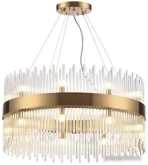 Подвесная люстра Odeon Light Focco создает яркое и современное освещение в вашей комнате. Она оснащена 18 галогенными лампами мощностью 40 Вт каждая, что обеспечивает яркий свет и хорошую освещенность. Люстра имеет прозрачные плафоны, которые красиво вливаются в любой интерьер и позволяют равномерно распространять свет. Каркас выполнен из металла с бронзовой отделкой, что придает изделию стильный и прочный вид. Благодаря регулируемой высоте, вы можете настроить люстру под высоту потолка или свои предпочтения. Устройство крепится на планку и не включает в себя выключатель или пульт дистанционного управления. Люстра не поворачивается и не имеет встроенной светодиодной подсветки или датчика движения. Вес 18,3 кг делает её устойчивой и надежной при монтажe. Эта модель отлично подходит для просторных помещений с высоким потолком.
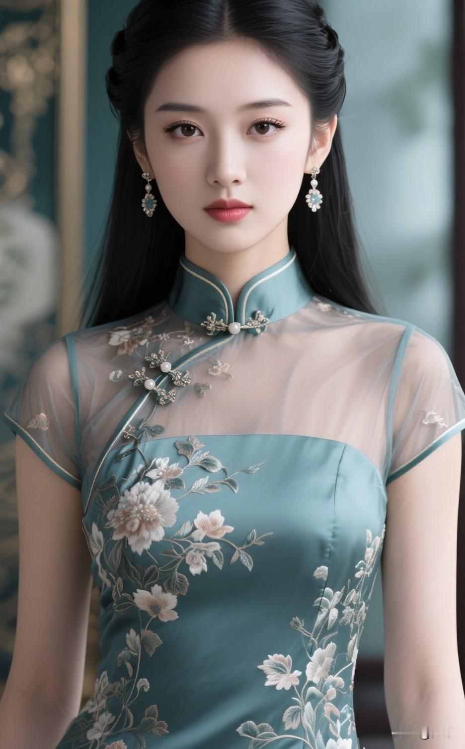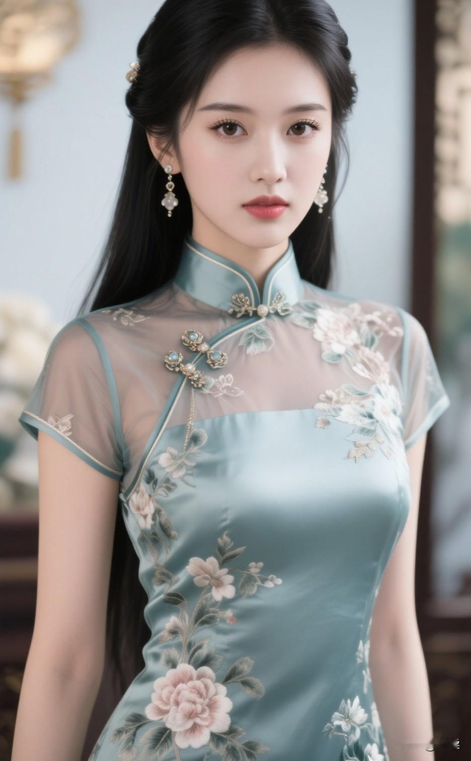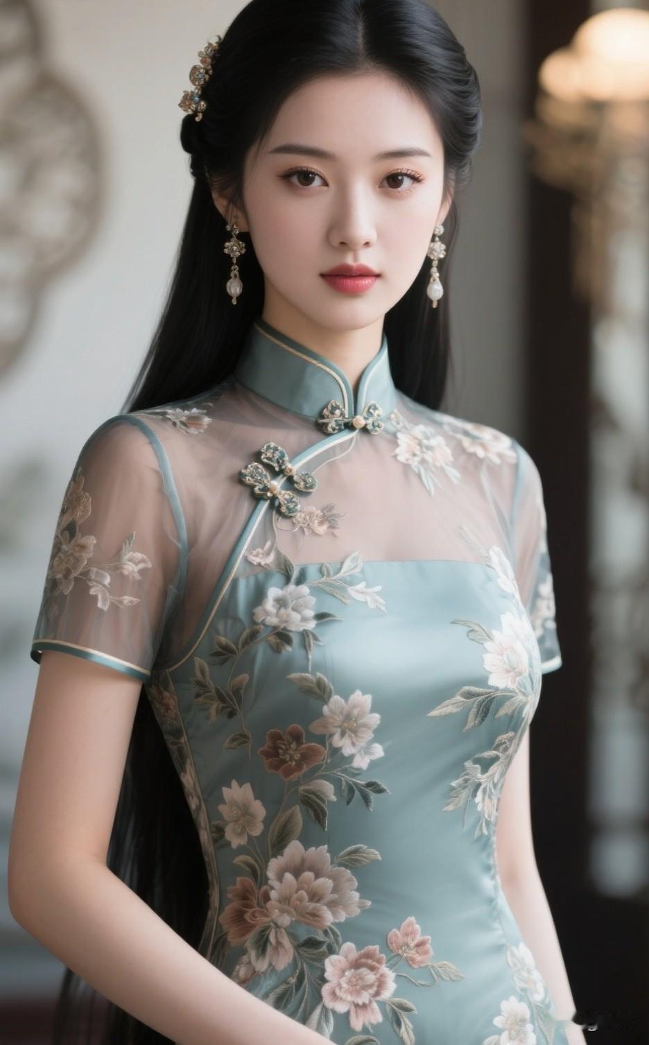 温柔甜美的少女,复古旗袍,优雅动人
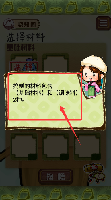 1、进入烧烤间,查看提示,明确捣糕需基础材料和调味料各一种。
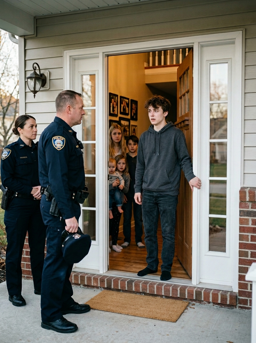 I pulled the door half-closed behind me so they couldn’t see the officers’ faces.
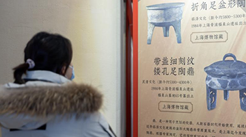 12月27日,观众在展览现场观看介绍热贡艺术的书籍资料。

- **Work order**: Any picture in the data is to be skipped, while each line is returned exactly as written.

- **Exercise solution**:
 Подвесная люстра Odeon Light Focco создает яркое и современное освещение в вашей комнате. Она оснащена 18 галогенными лампами мощностью 40 Вт каждая, что обеспечивает яркий свет и хорошую освещенность. Люстра имеет прозрачные плафоны, которые красиво вливаются в любой интерьер и позволяют равномерно распространять свет. Каркас выполнен из металла с бронзовой отделкой, что придает изделию стильный и прочный вид. Благодаря регулируемой высоте, вы можете настроить люстру под высоту потолка или свои предпочтения. Устройство крепится на планку и не включает в себя выключатель или пульт дистанционного управления. Люстра не поворачивается и не имеет встроенной светодиодной подсветки или датчика движения. Вес 18,3 кг делает её устойчивой и надежной при монтажe. Эта модель отлично подходит для просторных помещений с высоким потолком.
 温柔甜美的少女,复古旗袍,优雅动人
 1、进入烧烤间,查看提示,明确捣糕需基础材料和调味料各一种。
 I pulled the door half-closed behind me so they couldn’t see the officers’ faces.
 12月27日,观众在展览现场观看介绍热贡艺术的书籍资料。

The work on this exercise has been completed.